As the four of us bust over the final bit, we see that it’s not the final bit. Rather it’s a false summit. The final bit is a pimple of impenetrability.

How do we climb that?!

Once we figure out we need to stay left, it’s a rock climb using hands and not looking down, up and around, a catwalk (really, don’t look down) and finally an unusually large summit.

It’s absolutely stunning of gray crags and snow, only seen from this vantage point.

We take pictures and the boys call home. A group following us turns around when they see the vertiginous climb

It’s not that bad!

It’s all ours, but time to go with a walk ahead of me. One of the young men says, “Three hours of climbing for ten minutes of pleasure.”

True that. Unwinding the climb requires sure-footedness, and off we come. My third peak of the trail, second bonus peak. And it was really cool!

the valley of the marmots

My bag is where I left it, so I get a snack and need to climb again. Sadly the peak is only tenuously connected to Horquette d’Alans, so no way to skip any of the slog up.

A whole group hangs out at the pass, one old, leathery French woman shocked I protect my skin from the sun.

An attractive blond man surprises me with a “hi.” Hello? Oh, it’s you! Peter and Marta from Poland (I think I called him Tom before, whoops!)

He’s a photojournalist and carrying the same weight I’m carrying, just in camera gear. All the rest to stay alive is on top of that.

We walk together and talk non-stop, mostly because it’s downhill, but also because they are just so interesting. The Estaube Valley is also green and glistening with a rampart of fanciful rock and snowy icing as its back barrier.

The two have traveled to unusual places like South Sudan and Northern Finland. They’re funny and observant with a wry sense of humor.

At one point, Marta describes the grouchy warden at Pombie telling a group of hikers they shouldn’t dare hike the route with dangerous snow. She apparently conjured her inner French and got him to call someone with actual knowledge of the conditions.

Funny, since he was completely unhelpful with me too, only agreeing that there indeed were “snow conditions,” and refusing to elaborate beyond that.

As we descend, we come to one particularly lovely area and three marmots race around each other playing under the bored gaze of a sheep.

They stop to take photos and shoot video while I continue on, lower and lower as the valley tightens. The racing stream is crystal clear against a worn white rock.

road walk will take all you got

The trail flattens out in a bowl filled with large rocks seemingly placed for maximum aesthetic effect. Brown and white cows are busy mowing the grass, even on a tiny island not quite big enough for a full grown bovine.

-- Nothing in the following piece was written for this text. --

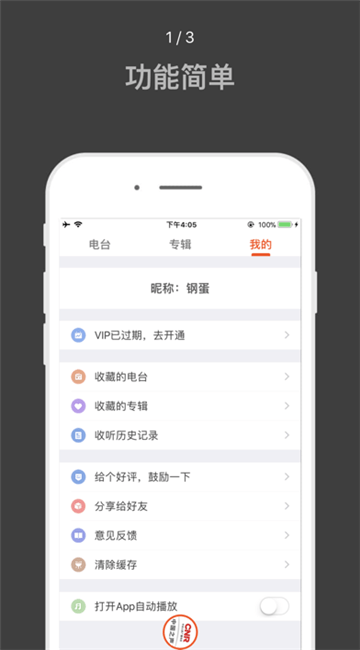 可自由调节在线收听电台的状态及时将喜欢电台进行在线分享;

The stream is dammed, creating Lac des Gloriettes in a dark turquoise. People swim and fish and I lope around toward the dam itself, which I cross with groups of tourists.

And then the real fun begins. Road walking.

I guess there’s no other way to get us from one bit of mountains to the other but through this particular valley. In a series of tight zigzags, a one lane bit of tarmac makes its way down to a larger bit of tarmac.

All those tourists are making their way down too, so I’m passed rather closely. To be fair, this is how it is in the country. Everyone is used to it.

Down and down. My feet, my knees, my brain. They hurt.

The good news is huge cumulus clouds are building and hide the sun most of the time from cooking me.

I’ll spare you the unpleasant details and how later I meet two French HRPers who happily hitched making me feel like the stupidest type of purist.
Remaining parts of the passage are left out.